Bu oturumda söz alan LGBTİ+ örgütlerinin temsilcileri, Kadın Koalisyonu’nda, LGBTİ+ hareketin daha çok kapsanmasına ve transfeminizm tartışmalarının daha fazla yer bulmasına ihtiyaç duyulduğunun altını çizdiler ve LGBTİ+ kavramlar, genel ahlak, toplum ahlakı ve kurulmaya çalışılan aile yapısı üzerinde bir çalışma yapılmasını önerdiler. Ayrıca LGBTİ+’lara yönelik şiddettin çok arttığını ve LGBTİ+lara açılan davalara katılımın çok az olduğunu dile getiren Berfu Şeker, “Nefret propagandası var şu anda, çok yalnız bırakılıyorlar. Bugün LGBTİ+ hakları yarın anayasa. Biz bu konuda ‘ne diyoruz’u ortaya koymamız gerekiyor” dedi.
2015 sonrası LGBTİ+lara yönelik artan şiddete dikkat çeken Kaos GL’den Seçin Tuncel ise, “LGBTİ+ meselesine dair aslında ‘ne oluyor?’ sorusunu sormak gerekiyor kendimize. LGBTİ+ hakları meselesine herkes aynı şekilde bakmasa da bunu değiştirebiliriz. Koalisyon üyelerine yönelik kapsayıcılık ya da çeşitlilik gibi atölyeler yapabiliriz. 2015 sonrası LGBTİ+lara yönelik inanılmaz bir şiddet var. Koalisyon bu konularda yanımızda oluyor ama belki biraz daha fazla ses çıkarmak daha iyi olabilir” diye konuştu.
2023 seçimlerinin güvenli ve eşitlikçi bir ortamda yapılması için Kadın Koalisyonu’nun tüm illerde çalışmalar yapması önümüzdeki dönemin hedefleri arasında yer aldı. Ayrıca üniversitelerde de izleme çalışması yapılması ve gençlere ulaşılmasının yolları üzerinde tartışmalar yürütüldü.

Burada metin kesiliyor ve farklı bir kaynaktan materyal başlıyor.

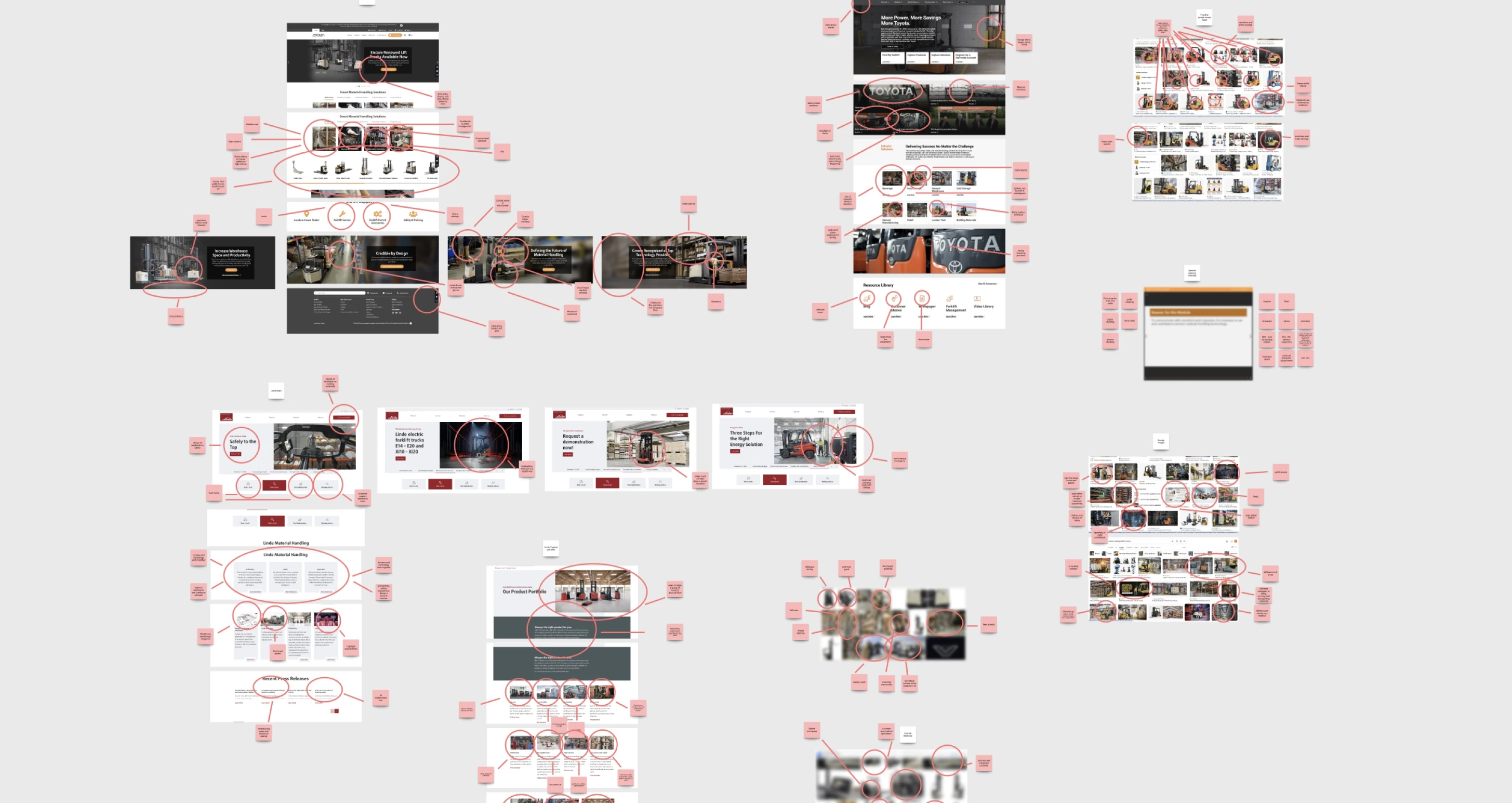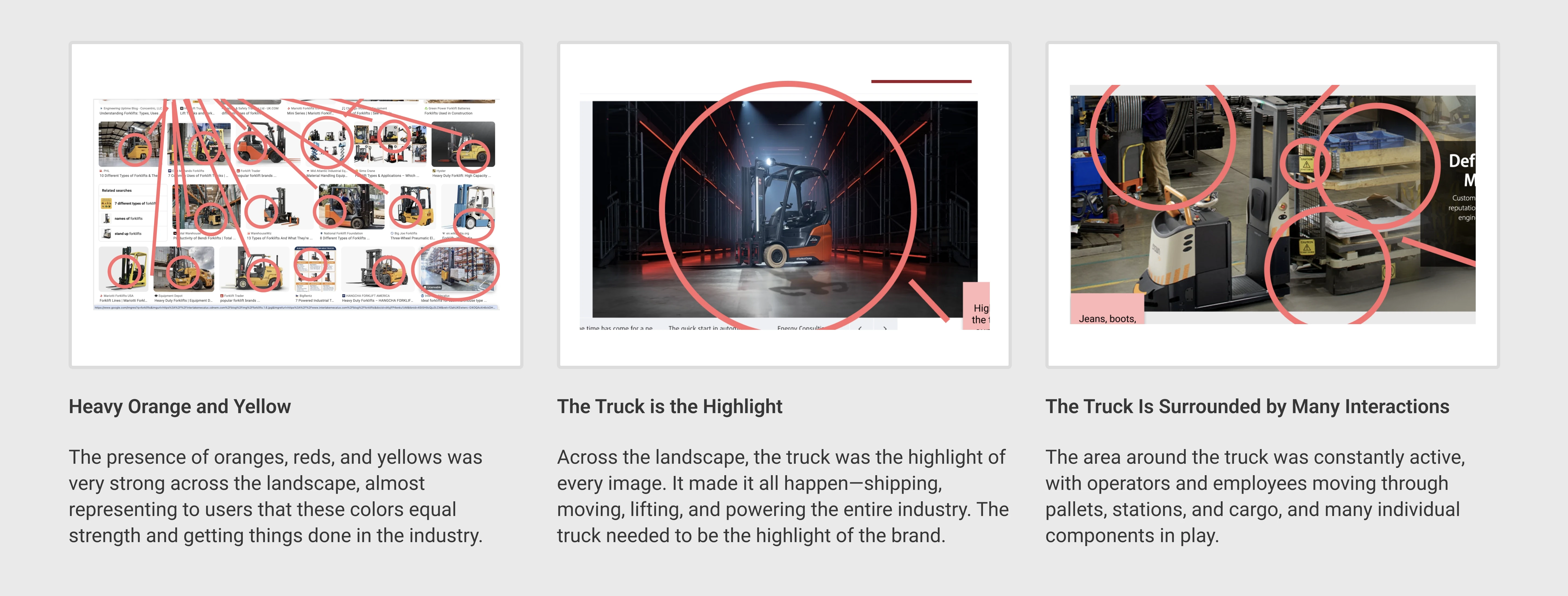 I also needed to learn what did designing for the material handling industry feel like? I did a landscape analysis of many material handling websites, internal resources, and Crown products to analyze colors, feel, typefaces, visuals, etc.. I came to 3 main insights below.

Demans teşhisi üzerinden 578 gün geçmesine rağmen hâlâ tahliye edilmeyen Aysel Tuğluk için yapılan 1000 Kadın kampanyasının Türkiye sınırlarını aşarak pek çok yerde desteklendiği ve bu sayede ortak bir mücadele hattı kurmanın başarıldığına dikkat çekildi.
Son olarak “Birbirimize Sahip Çıkıyoruz” oturumunda İran’da katledilen Masha Amini anıldı ve “Jin, Jiyan, Azadi” sloganıyla İran’da direnen kadınlar selamlandı.
Toplantıda, Fındıklı Korosu ve Yaşamevi Korosu kadınların gönderdiği videolar büyük ilgi gördü ve coşkuyla izlendi.
Kadınlar toplantı boyunca #KadinKoalisyonu20yasinda etiketiyle sosyal medyada da seslerini duyurdu.
Herkesin, kendisi için bir anlamı, anısı olan bir eşyasını bıraktığı takas masası sayesinde toplantıya katılan kadınlar, buradan bir başkasının anısını yanlarına katarak ayrıldılar.